What to Shop for in Amsterdam
There are plenty of uncomfortable clogs and ceramic windmill tchotchkes to be found in the shops of Amsterdam, but if you're looking for something that strikes a more unique note, for yourself or others, here are some ideas.
Ever since Gerrit Rietveld produced his Red and Blue Chair, contemporary Dutch Design has been the darling of high-style fans the world over. And designers are now giving old Dutch crafts a much-needed makeover. From Moooi’s iconic collection of Royal Delft vases to United Nude’s classy clogs and Droog’s press-on tattoo inspired by a 17th-century floral still life, there’s a modern souvenir for every budget.
The Dutch have long had an interest in chocolate, starting as far back as the colonization of Suriname with its wealth of cocoa plantations in the 17th century. Today, Amsterdam is the world’s biggest cocoa port, and it's an excellent place to shop for chocolate. Head to one of the city’s noted chocolate boutiques for chocolate bars, bonbons, and hot chocolate.
Spend a few days in Holland and you're bound to be confronted with an interesting breakfast tradition: buttered bread covered with hagelslag (sprinkles, literally "hailstorm"). Chocolate sprinkles are the norm (and the butter is usually unsalted), but you'll also see colored and flavored sprinkles, as well as chocolate shavings. Some people toast their bread first. You'll find a hagelslag aisle in most grocery stores if you want to take some home.

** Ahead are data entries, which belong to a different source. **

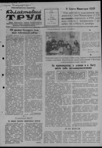 3 декабря 1958 года, №144 КОЛЛЕКТИВНЫЙ ТРУД 3 Пт^ьльа в Растут личные сбережения Сердечная благодарность В начале сентября на полевом стане второй фермысовхоза им. Дзержинского случился пожар, в результате которого со мнойпроизошел несчастный случай. Получив сильные ожоги, я в тяжелом, безнадежном состоянии был доставлен в хирургическое отделение Кара- сукской районной больницы. Больше двух месяцев провел я в постели. Благодаря правильному, усиленному лечению и внимательному уходу со стороны обслуживающего персонала отделения мне было возвращено здоровье. Сердечно благодарю хирурга В. Кокорина, медсестер М. Дудникову иМ.Щекоткину,восстановивших мне здоровье, вернувших к жизни и труду. Н. Мамонов. Нарушают правила противопожарной безопасности Курение вредит здоровью каждого человека. Особен о большой вред приносит табачный дым некурящим. Нередко курение в запрещенных местах причиняет немалые убытки народному хозяйству, являясь причиной пожаров. Все это хорошо понимают работники Чернокурьинского отделения ремонтно-технической станции. Однако они не считаются с этим, не соблюдают никаких правил. Заведующая отделением Л. Жевелева не требует от заведующего РТМ Г. Литов- ченко запретить курение в цехах мастерской. Поэтому он, находясь на работе, сам никогда не выпускает папиросу из зубов. Глядя на него, в мастерской курят и рабочие. Поэтому в токарном цехе, куда утром собираются рабочие, всегда так накурено, что невозможно дышать, ничего не видно из-за дыма. А нам приходится работать здесь восемь часов. Хуже того, в мастерской до сих пор не пущена мойка. Механизаторы моют части машин в монтажном цехе, в ваннах с соляркой, над которыми постоянно курят. Курят и в других цехах. Это может привести к пожару. Противопожарные щиты в мастерской не оборудованы инвентарем. Мы просим пожарного инспектора побывать у нас и по требовать от наших* руководителей навести порядок в отделении. Токари И. Шарушинский, А. Краус. Где купить талоны на воду? Хорошая вода поступает в водоразборные колонки. Но взять ее часто невозможно. На днях я пришел к колонке за водой, мне сказали, чтобы купил талоны в парикмахерской на рынке, Отсюда меня направилив кассу городской бани. Здесь сказали, что талоны продаются в рай- комхозе. Но и там не оказалось их. Где же можно купить талоны на воду? П. Сычев. Нечуткое отношение В селе Благодатном давно уже проведен в дома колхозников и других жителей электрический свет. Горел электросвет и в нашем доме. Но после длительной остановки электростанции летом этого года на ремонт по распоряже- ную председателя колхоза т. Крупы без всякого основания мой домотключили от электролинии. Мы с женой работаем учителями в Благодатской средней школе, воспитываем детей жителей всего села, в том числе и т. Крупы. В настоящее время нам приходится проверять ученические тетради, писать планы и готовиться к занятиям при коптилке, так как в сельмаге нет стекол для керосиновых ламп. Я просил заведующего колхозной электростанцией и т. Крупу дать мне электросвет, но они этого не сделали. Обращался к председателю сельского Совета т. Васильеву, но и он не помог мне. Пришлось, как ни странно, просить об оказании помощи в этом вопросе заместителя председателя райисполкома т. Смирнова и заведующего отделом пропаганды и агитации райкома партии т. Полянског
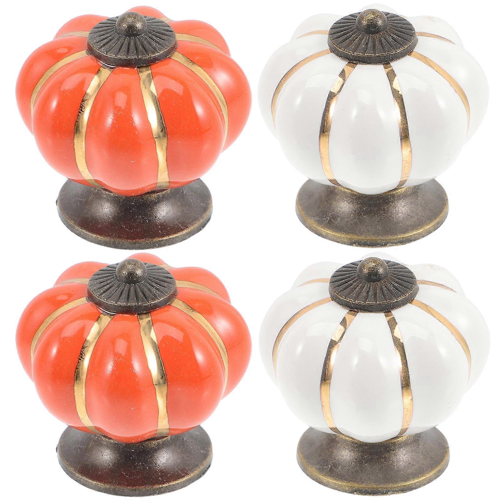 4pcs Modern Ceramic Cabinet Knobs, Pumpkin Design, Easy Install, Decorative Pull Handles for Kitchen, Wardrobe, and Dresser
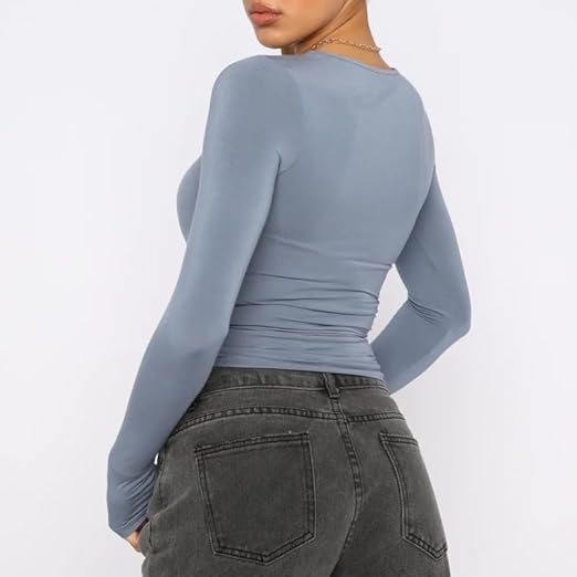 Features: Fashion and casual design. Solid color, long sleeve, slim fitted, crew neck shirt tee. Basic tight skinny tee top blouse, show waist cropped streetwear clothes.

Sweet, salty, extra-salty, flavored with jalapeños or anything else they can come up with, the Dutch have a deep and abiding love for drop (licorice). It comes in seemingly endless varieties and shapes, in shops around the city.
Amsterdam is fast becoming the world’s denim capital, and a number of well-known denim labels are headquartered here—G-Star, Scotch & Soda, Kings of Indigo, Denham, and Kuyichi, to name a few. All that indigo doesn’t come cheap, but there are plenty of places to buy local designer denim, close to the source.
Amsterdam’s long history of leather making is reflected in many of its street names, like Huidenstraat (hide street) and Looiersgracht (tanner’s canal). Today, style-savvy shoppers can find an excellent assortment of local leather bags and shoes.
Vintage fashions and accessories
Vintage fashion is popular in Amsterdam. Head to the cluster of quaint canal crossings known as The Nine Streets for lovingly restored Rolexes; exclusive vintage handbags by labels such as Chanel, Gucci, and Louis Vuitton; and affordable 1970s bell bottoms and '50s prom dresses. There are also a number of boutiques that do modern renditions of vintage looks.
Tulips are practically synonymous with Holland, and it's hard to resist taking photos of the gorgeous flowers, in all their many colors. To take some home, be sure to buy bulbs that are specially packaged, sealed, and marked for transport to the United States; otherwise, they'll be confiscated by customs on your way back into the country. The Bloemenmarkt is a good place to shop, and if you're planning to visit the Keukenhof tulip fields, they have an excellent selection.